Browsing Wikipedia the other day I found it amusing that the Bob Knight article has been tagged with the dreaded neutral point-of-view desingation. If that seems like a trivial item to get the NPOV warning more commonly associated with discussions like abortion or the Israeli-Palistenian conflicts, trust me, for Indiana folks it's not.
Knight won three national championships in nearly 30 years as the basketball coach at my alma mater and though he was not the first coach to have success at Indiana, his legacy has become almost interchangeable with the program. Beyond mere basketball, though, Knight was an iconic figure for Indiana conservatives. An avid hunter whose coaching career at West Point inbued him with a ruthless autharitarian streak, he frequently and colorfully clashed with the press and non-athletic faculty. He was also wholly self-absorbed and prone to outbursts including but not limited to throwing a Puerto Rican police officer in a garbage can and a folding chair across the floor in midgame, and his often politically incorrect remarks (such as telling Connie Chung that if rape is inevitable, women should sit back and enjoy it) only made him loved even more. But Knight's temper tantrums and physical abuse of players and staff got him on the wrong side of university president Myles Brand (his name is misspelled in the Wiki article) and shortly after I arrived at Indiana in September 2000, Knight was sent packing. (Suffice to say, Brand was not the university's president for long after that.)
Knight's supporters can be summed up pretty well in this Wikipedian's paragraph
Despite the controversies, Bob Knight has tremendous support among many
Indiana basketball fans especially those who are aware of his many
accomplishments off the court and the positive influence he's had on
former and present players. They cite his honesty and exacting ethical
standards, the fact that the Indiana University program was never
charged with NCAA violations. He was intolerant of behavior of other
people, on court or off, that would taint his the team or the school in
any way [ED: except his own, apparently]. The majority of his players earned degrees. Many parents of
Knight's players praise the coach for instilling ethics and a drive to
succeed in their sons and are grateful to him. Knight has also raised
countless dollars through his charity work and volunteer efforts.
In other words, he did more or less what any decent college professor is asked to do as a basic job description. Who knew Knight was just as ordinary as thousands and thousands of other educators and mentors around the country?
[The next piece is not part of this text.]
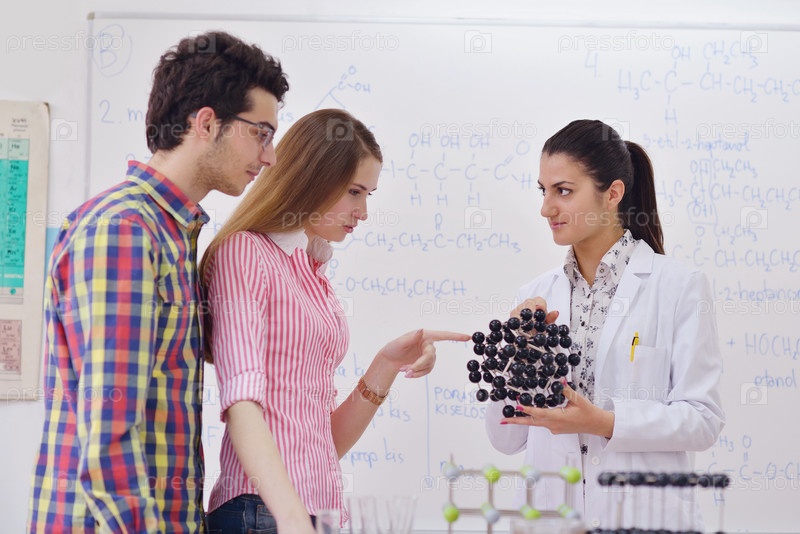Студенты в классе химии

Factor in his sphere of influence barely encompssing 15 kids at any one time and you've got something even less notable. But alas, this is just one act in the grander game of charades that passes for American interscholastic sports. Americans are unique in the world in that their sub-professional athletics are tied to academic institutions, and it gives us the comfortable illusion that are athletes come out well-rounded scholars and our coaches deserve recognition for shaping the future leaders of our country's institutions.
Ho Ho Ho.
I can say with some certainty that Bob Knight or anyone else who's a major college football or basketball coach in America has never been evaluated by the athletic boosters for his player's remarkable performance in study hall. Likewise, no coach has ever survived a run of losing seasons because his athletes are putting up bigger numbers on their report card than the scoreboard. They probably should, given that even though they are ostensibly teaching young people to become professional athletes, very few actually will, and for them a degree becomes just as important as it is to the rest of us ordinary collegiate shlubs.
It's not of much importance to the alumni boosters, though. Their donations keep the purse fattened, and they want to see the kids they're exploiting for their fantasy minor-league sports show put bigger digits in the win column. The interscholastic sports world is filled with stories of coaches who couldn't care less about their role in the academic lives of their players, so long as they took enough cupcake courses to stave off academic ineligibilty (best illustrated by former Georgia assistant Jim Harrick, Jr.). Even at my small but basketball-crazed high school there were at least two coaches whose teaching rigor was farcical but who needed to at least give the appearance of teaching a class to keep themselves employed.
Perhaps if academic performance is such the panacea they pretend it is, Bob Knight would still have a job, if he could only have avoided being a blight on the university unlike the rest of his colleagues in the education business. But then, perhaps Mike Davis would still have one as well.